Dr Jayanth Neelakanta: Differentiation. There are so many different brands doing fairly similar things that it becomes difficult to stand out. Ads and other marketing material must be short because users have very short attention spans. But, the shorter an ad is, the more difficult it is to communicate exactly how you are different.
If you become even mildly popular, ten other copycats spring up and it becomes even more difficult to guard your territory. As a software developer, I still prefer to market and sell my products online. But, an advantage physical products have is, that you need to set up a proper distribution channel and develop relationships with your retailer, etc. This is a lot of work, but once it is set up, it is a huge moat.
When it comes to digital products, a college undergrad can buy a domain, set up a landing page, and start running ads in a few hours. Starting something new is very easy in the digital space, but continuing to grow it and defending it against the new competition is much harder.
TheCconnects: How your product/solution can help to resolve the pain points of your customers?
Dr. Jayanth Neelakanta: Equip helps recruiters screen candidates on skills with its automated skill assessments. As the hiring process shifts online, the number of candidates applying for open positions has increased massively. Recruiters are finding it difficult to identify relevant profiles because they must spend a lot of time manually parsing each CV or getting on a call with every candidate.
Our automated skill assessments help recruiters filter candidates across roles like engineering, data science, sales, and support, etc. By specifying the relevant skills and desired experience, a recruiter can create a shareable assessment in less than 2 minutes. The candidate takes the assessment on Equip and the recruiter uses this score to screen them.
On average, recruiters shortlist only the top 3% of the assessed candidates, and so we help them save 97% of their time!
TheCconnects: Do you have any advice for those who want to become a chief executive officer?

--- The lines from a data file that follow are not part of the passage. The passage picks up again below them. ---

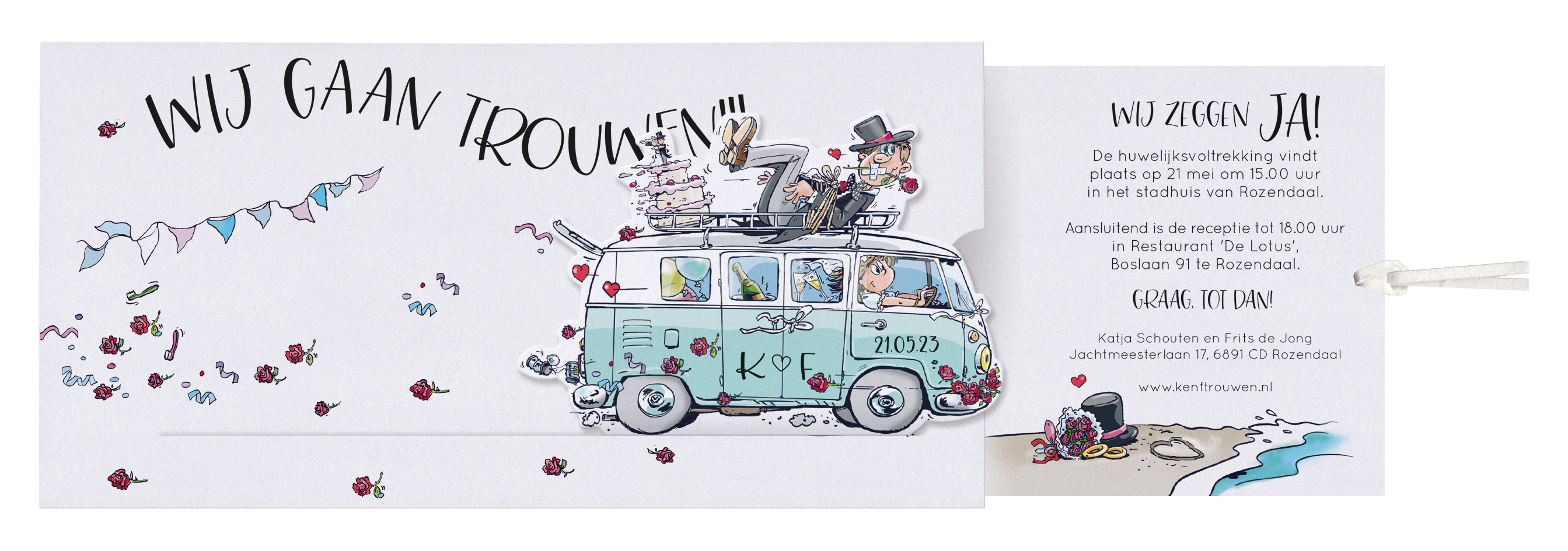 Vrolijke trouwkaart met bruidspaar in een Volkswagen bus.
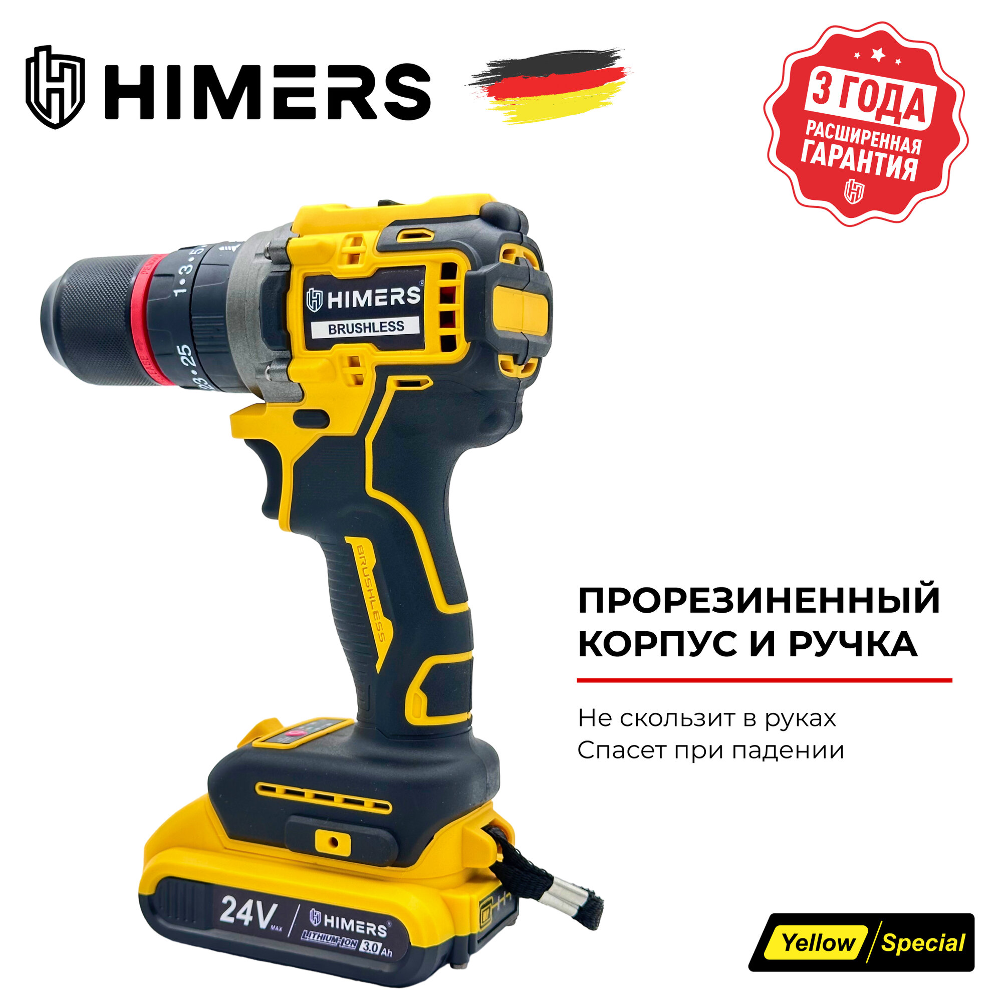 Бесщеточный ударный шуруповерт HIMERS DF85Y-BL аккумуляторный 24V, 2 АКБ по 3 А.ч., 85 Н.м., Версия Yellow special / Кейс / многофункциональный для сверления, закручивания 24в
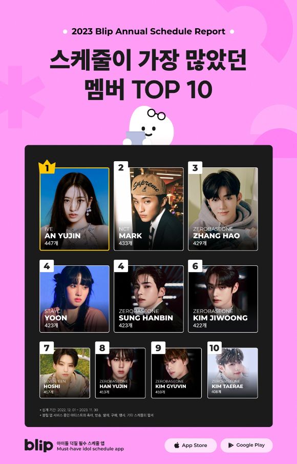 올해 가장 스케줄이 많았던 아이돌 멤버는 아이브 안유진으로, 무려 447건의 스케줄을 소화한 것으로 확인됐다. 아이브 앨범 활동과 더불어 예능, 광고 등 개인 활동으로도 활약한 결과다.
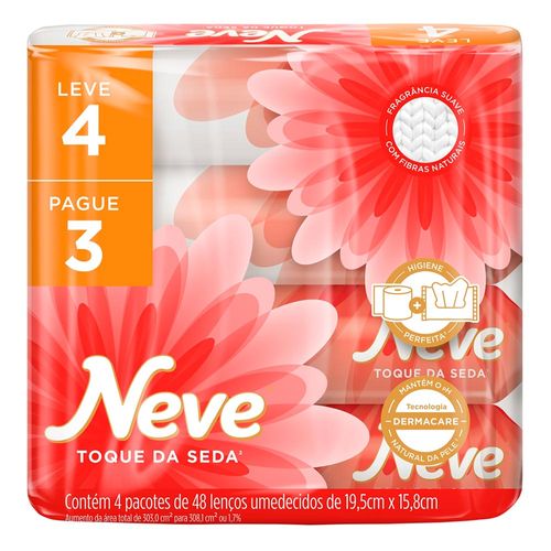 Kit Lenço Umedecido Neve Toque De Seda 4 Pacotes com 48 Unidades
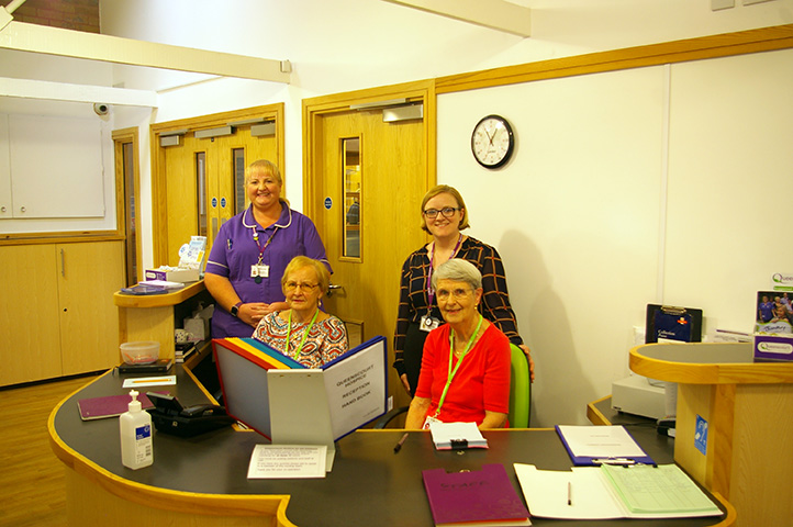 | Queenscourt is situated quite close to the busy main road into Southport, but turning into its car park we suddenly find an attractive modern building, surrounded by trees, a quiet oasis of calm in a caring protective environment. A very warm welcome was given to us by volunteer receptionists Margaret and Joan together with Community Fund Raiser Rachael Kennedy, and Deputy Coordinator for the Queenscourt At Home Project Kathy Kirkham. |
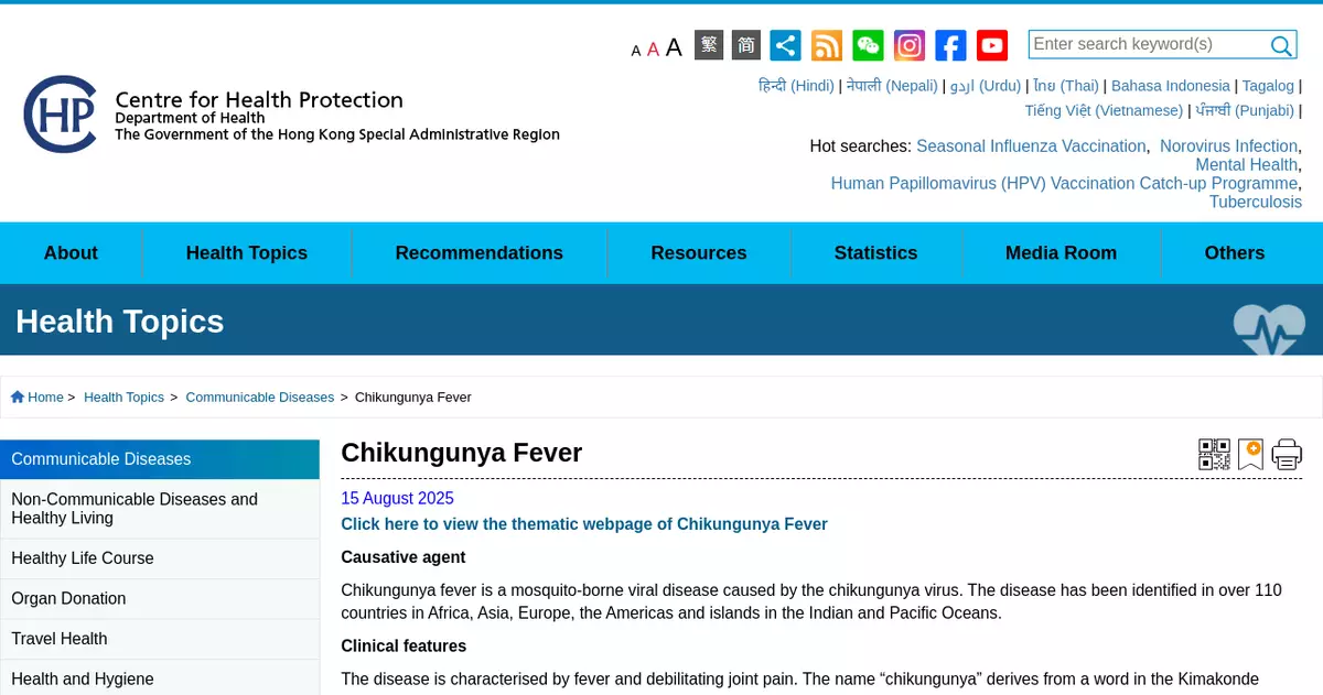 Detailed information on the latest DF situation in Hong Kong, as well as neighbouring and overseas countries and areas, has been uploaded to the CHP'swebsite.
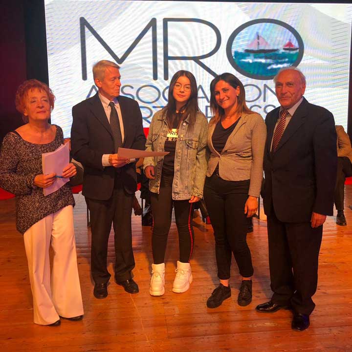 Impossibilitata ad essere presente alla cerimonia, ha ritirato il Premio la compagna di classe Cecilia Morgia accompagnata dalla coordinatrice di classe Michela Gabrieli.
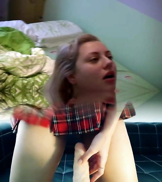 Curvy coed Stella Carter plumbs her cootchie with a yam-sized dildo
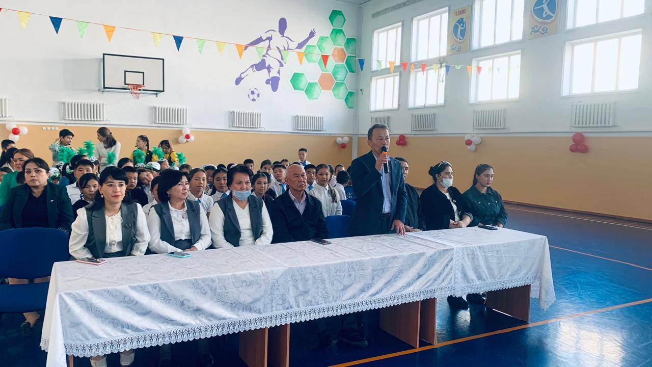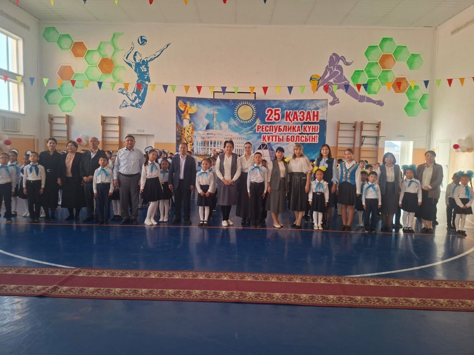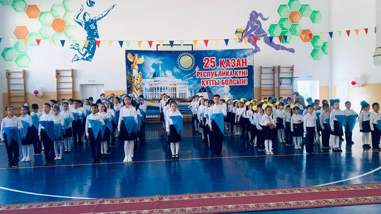 Жиында «Жас ұлан» ұйымының әнұраны шырқалды. Туымыз түстес галстук табыстау рәсімі мектеп директорына, мектеп әкімшілігі мен ұстаздарға тапсырылды. Оқушылардың патриоттық сезімін ояту мақсатында әндер орындалып, мың бұралып бишілер би-биледі. Салтанатты жиын тәрбие орынбасарлары Ж.С. Жаштаева, Л.О.Садибекованың ұйымдастыруымен тәлімгер К.Аренова өткізді.
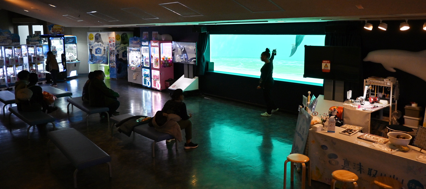 この休憩スペースは右手が「真珠取り出し体験」のワークショップ、左手が水族館ぬいをゲットできるクレーンコーナーとなっている。
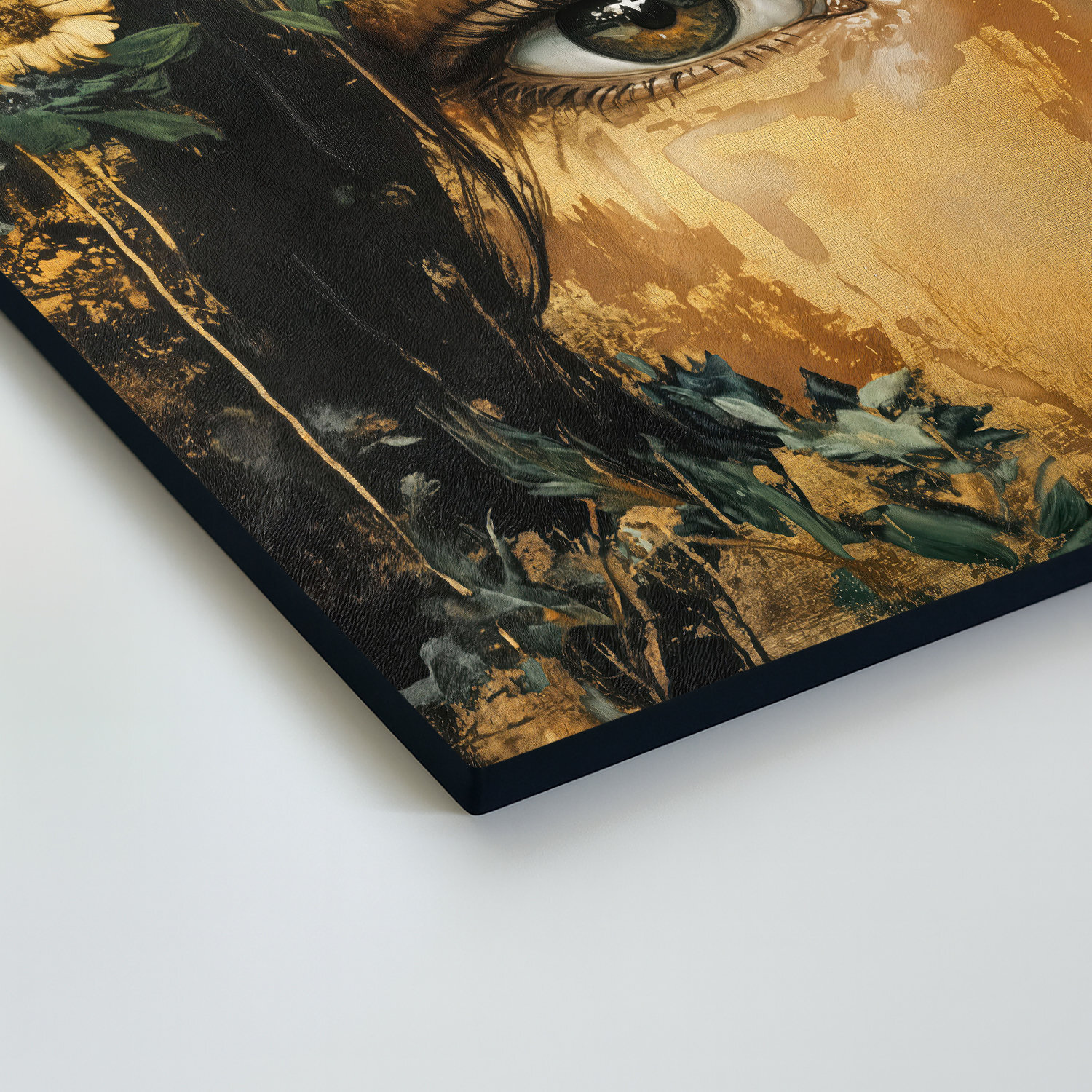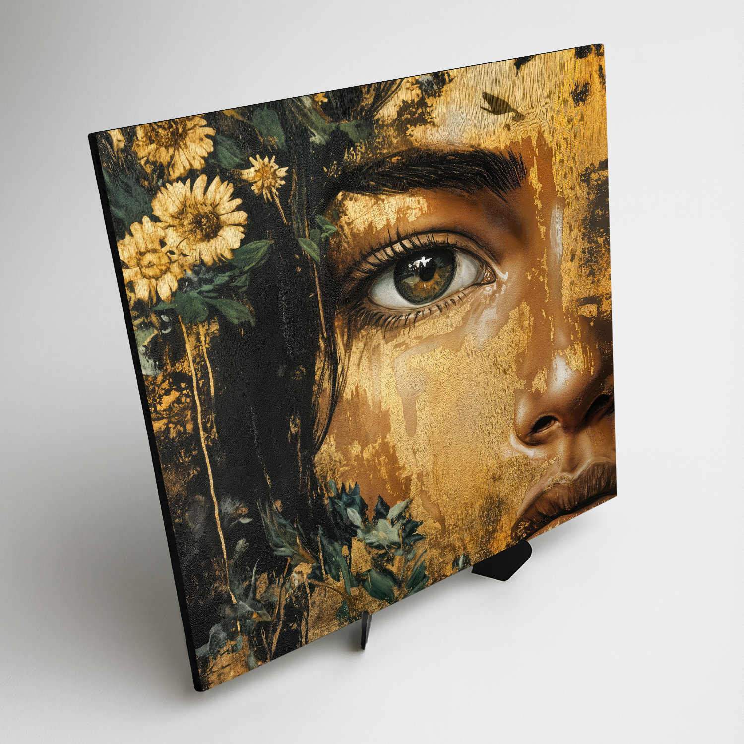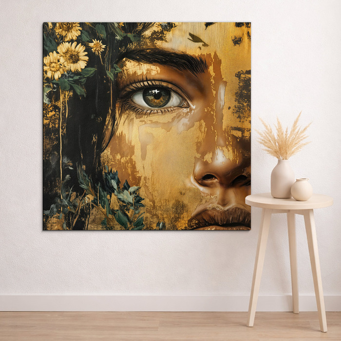 A modern nő képe - Az Erdő Királynője a természet erejét és titkát ragadja meg a női eleganciával összekapcsolva. Az intenzív tekintet, az arany textúrák és a finom virágos részletek gyönyörű képet alkotnak. Az arany színek keverednek a sötét erdei színekkel. A dizájn kép kiemelkedik a nappaliban és a hálószobában is. A fa kép részletekre és textúrára való odafigyeléssel készült, így luxus műalkotásként hat, időtlen kifejezéssel.
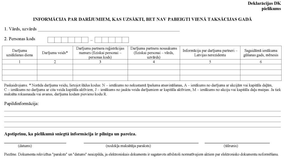 62. Nodokļa maksātājs rezidents deklarācijas DK pielikumā norāda visus taksācijas periodā uzsāktos, bet nepabeigtos darījumus ar kapitāla aktīviem Latvijas Republikā vai ārvalstīs. Nodokļa maksātājs nerezidents deklarācijas DK pielikumā norāda taksācijas periodā uzsāktos, bet nepabeigtos darījumus no Latvijas Republikā esošu kapitāla aktīvu atsavināšanas. Deklarācijas DK pielikumu par taksācijas gadu iesniedz Valsts ieņēmumu dienestā reizi gadā līdz taksācijas gadam sekojošā gada 1.jūnijam.
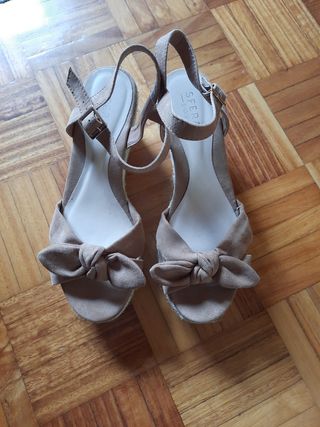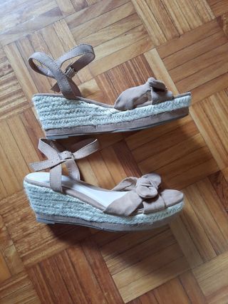 Sandalias con cuña de color marrón claro y dos hebillas. De la marca Massimo Dutti. Se han usado en dos ocasiones. Se realizan envíos
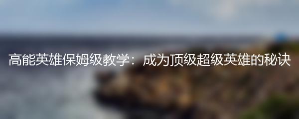 高能英雄保姆级教学:成为顶级超级英雄的秘诀
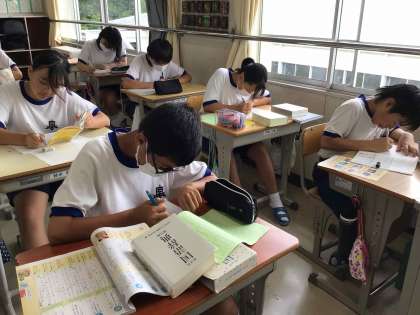 夏休みの宿題で、いちばん後回しにされやすい「読書感想文」。国語科の授業で、感想文の書き方や原稿用紙の使い方、選書の仕方等を学び、メモを作成して文章を書く学習に取り組んでいます。感想文を書くことで、本の世界をより深く味わってほしいと思います。
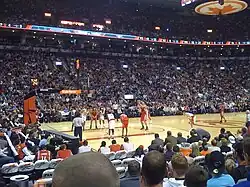 However, the Raptors could not keep up their new game plan of solid defence and lost four of their next five games, including a blowout loss to the Atlanta Hawks and another to the Boston Celtics after relinquishing a 17-point lead.[11] While Bosh posted impressive numbers in nearly every game, his teammates were not as consistent. Toronto's depth at the point was soon put to the test when Calderón was injured and unable to play against the rising Miami Heat. Solomon took over the reins with ease in that game and coupled with the Raptors' domination in the frontcourt led by O'Neal, Toronto secured a much needed win.[12] Moon was also dropped to the bench, with Bargnani made the starting small forward. This performance came to naught in the next game against the Orlando Magic, where although Bosh and O'Neal combined for 54 points and 28 boards, the lack of production and defence from the wing, coupled with the inability to protect possession, brought Toronto back to .500.[13] As though to prove a point, Bargnani and Anthony Parker combined for 44 points the next day in the win against Miami, while the tandem of Bosh and O'Neal secured 28 rebounds.[14] This run was not sustained yet again, as Toronto lost a further two games on the trot: an overtime loss to New Jersey and another blowout loss to Boston, where the Raptors set a franchise record for highest field goal percentage (62%) conceded at home.[15] That game also saw Bosh unleash a bout of angry frustration at his team as the Raptors plummeted to the bottom of the division standings.[15]

Dr. Jayanth Neelakanta: Opinions may be divided on this, but I think having a couple of years of work experience at a startup before your first company will be very beneficial. If there is one thing I would have done differently, it may have been this. I mean, the advantage of going straight into entrepreneurship like I did is that you have to learn everything from scratch in a very raw manner so that you will retain the lessons viscerally.
But, if you spend a couple of years at a startup, you really learn a lot about startup culture, the jargon, the priorities, and so on. Most important, and I cannot stress this enough, you build a network. That has been a huge handicap to me.
When you want to hire your first engineer or designer, it is so much easier if you can tap into a network. Plus, I guess you can save up a bit during your employment and that comes in handy during the first couple of years of your new startup. Because unless you are lucky enough to raise capital with just an idea, your bank balance depletes rapidly!